Christina Kahrl covers baseball for ESPN.com. You can follow her on Twitter.

First-base question marks

February, 22, 2012
Matt LaportaAP Photo/Tony DejakCleveland's Matt Laporta hasn't had much to celebrate in the majors. Will 2012 be different?
On Tuesday I ran through Freddie Freeman’s projections and reasons to feel good and bad about his 2012, but there’s a larger point to make about young first basemen these days, starting with this: Freeman’s one of the success stories.

Look around the rest of the game, you’ll find a surprisingly large number of first-base disappointments with major questions to answer over whether or not they’re ever going to break through:

Chris Davis, Orioles: MLB career line of .252/.301/.448.
After mashing 36 homers as a 21-year-old in his full-season debut in the minors, Davis was ranked 65th on Baseball America’s 2008 list of baseball’s top 100 prospects. In fairness, Davis has had to deal with getting shuttled between the infield corners and from Texas to Baltimore, but he’s struck out more than 31 percent of the time in 1082 big-league plate appearances, and an OBP around .300 isn’t going to fly, even with his tremendous power. In his age-26 season, he needs to break through.

Lars Anderson, Red Sox: .175/.292/.200 (in 48 PAs)
Before 2009, Anderson ranked as the 17th-best prospect in baseball. It was all about projection, of course: He’d already reached Double-A and hit there before his 21st birthday. But the expectation that doubles would turn into homers as he matured hasn’t happened, and he hadn’t hit that many doubles in the first place -- a career minor-league ISO of .162 is nice, not excellent, not at first base. He’s not done, but he’s also not pushing his way into Boston’s plans.

Matt LaPorta, Indians: .238/.304/.397 in 1008 MLB PAs
The days when LaPorta was considered a top prospect and worthy payment for a couple of months of CC Sabathia’s time seem long gone now.
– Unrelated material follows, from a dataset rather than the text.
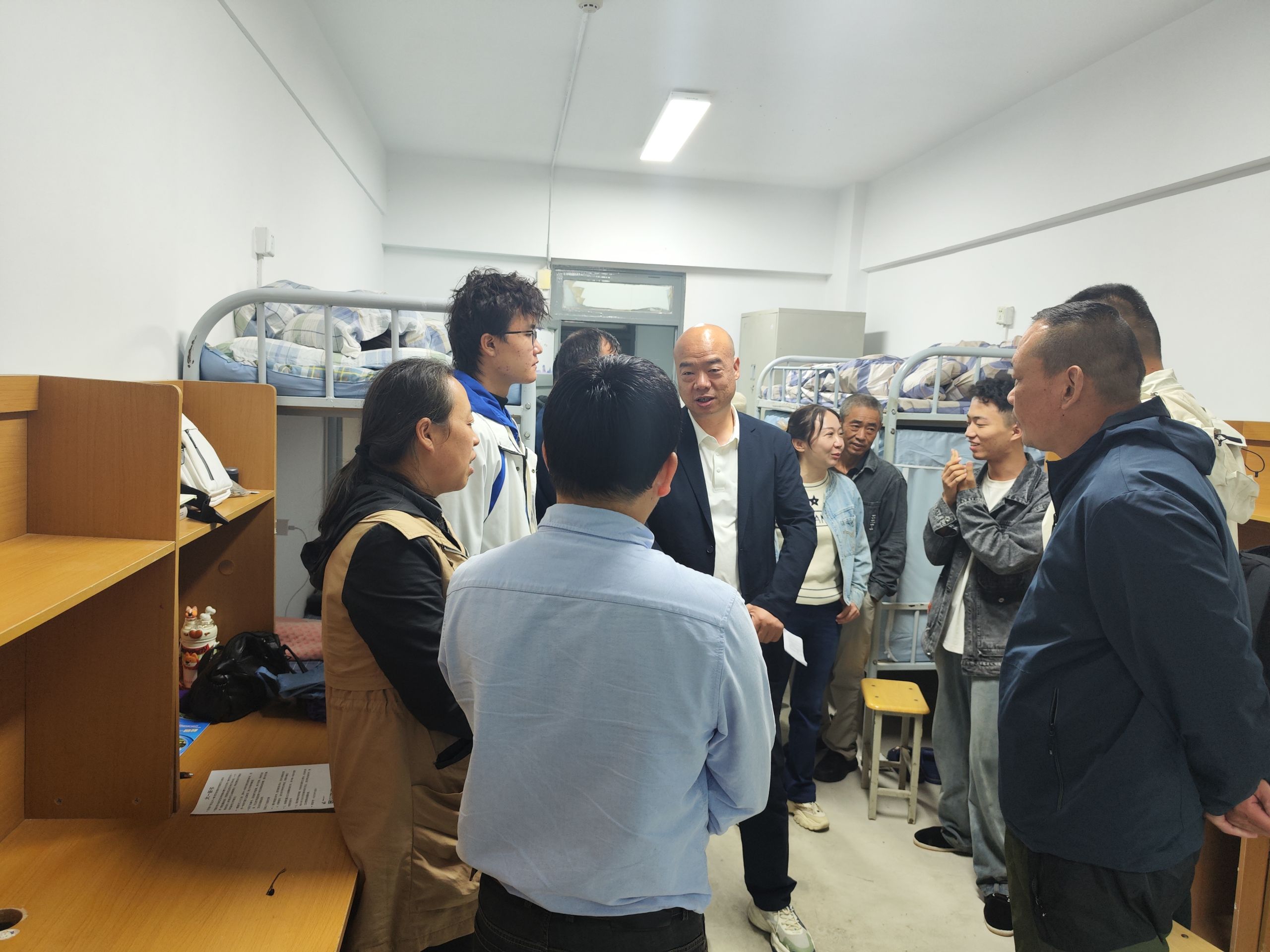 新生报到结束后,学院领导与辅导员、班主任组成慰问小组,逐一走进新生宿舍,开展“暖心家访”。每到一间宿舍,老师们都亲切地与新生及家长交谈,仔细查看住宿环境,询问“床品是否舒适”“生活用品是否齐全”“有没有遇到什么困难”,并主动留下联系方式,告知“有问题随时联系老师”。同时,针对宿舍安全,老师们反复叮嘱新生注意用电规范、防范火灾隐患,提醒大家保持宿舍整洁卫生,养成良好生活习惯;针对集体生活,鼓励新生主动与室友沟通交流,尽快融入集体,在互帮互助中共同成长。一句句叮嘱、一声声关怀,让远离家乡的新生倍感温暖,大家纷纷表示,“老师的关心就像家人一样,让我们对大学生活更有期待了”。

He ranked 23rd on Baseball America’s top-100 list before 2008, “fell” to 27th as Indians property going into 2009, but after several clean shots as the Indians’ starter, he now looks like the guy who will lose his job to…

Casey Kotchman, Indians: .268/.336/.398
Seeing Kotchman on this list after his nice little season with the Tampa Bay Rays might seem harsh, but after already bouncing from Anaheim to Atlanta to Boston to Seattle, he’s already been a non-answer for a number of teams before his 30th birthday. But you can sort of understand why so many have taken a look: He had a four-year run on BA’s top-100 list where he never rated as low as LaPorta’s best, rising from the 22nd-best prospect in the land in 2002 to sixth (!) in 2005. Even allowing for the initial stumble at the outset of his big-league career with mono, Kotchman’s produced little power at a power position. He’s a slick fielder and a nice place-holder of last/cheap resort -- perhaps especially if you’ve already endured LaPorta-induced heartbreak -- but if he’s supposed to be an OBP guy, just remember that his career walk rate (8.3 percent) is lower than the MLB average over that time (8.5). Is that really what you’re supposed to have gotten from the sixth-best prospect in baseball?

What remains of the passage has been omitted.